Social Coordination in Older Adulthood: A Dual-Process Model

Background/Study Context: In a variety of collaborative circumstances, participants must adopt the perspective of a partner and establish a shared mental representation that helps mediate common understanding. This process is referred to as social coordination. Here, the authors investigate the effect of aging on social coordination and consider separately the component processes related to perspective-taking and working memory. Methods: Twelve young adults and 14 older adults completed an experimental, language-based coordination task. Subjects were asked to describe a scene with sufficient detail so that a conversational partner could identify a target object in the context of other, competing objects that shared a variable number of features. Trials varied in the information available to the partner (perspective-taking demand) and in the number of competing objects present in the scene (working memory demand). Responses were scored according to adjective use. Results: Results indicated that social coordination performance decreases with age. Whereas young adults performed close to ceiling, older adults were only precise in 49.70% of trials.

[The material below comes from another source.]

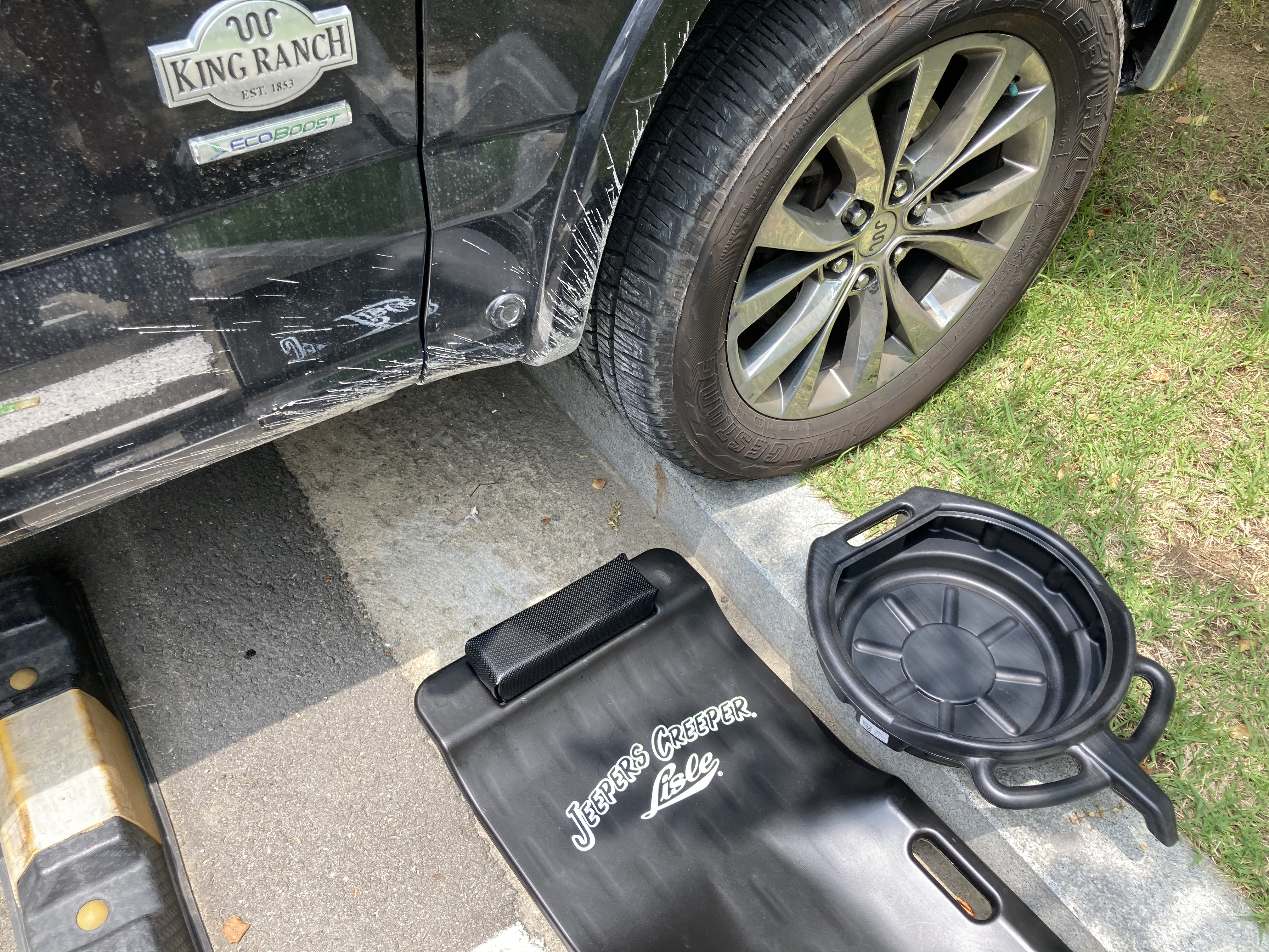 차 밑으로 들어가는데는 Lisele 사의 Jeepers Creeper가 매우 큰 도움이 되었습니다. 혹시나 싶어 앞바퀴를 턱에서 내리고 밑으로 들어가 봤는데 역시 F150은 차고가 높아 어떤 리프트도 없이 차 아래로 들어갈 수 있었습니다.

In analyses examining perspective-taking conditions with no competitors, older adults were consistently impaired relative to young adults; in analyses examining the number of competitors during the simplest perspective-taking condition, both older and younger adults became more impaired with increasing numbers of competitors. Conclusion: The experimental data suggest that social coordination decreases with age, which may affect communicative efficacy. Older adults’ tendency to provide insufficient responses suggests a limitation in perspective-taking, and the pattern of decline in common ground performance with increasing competitors suggests that this is independent of working memory decline. In sum, our results suggest that social coordination deficits in aging may be multifactorial.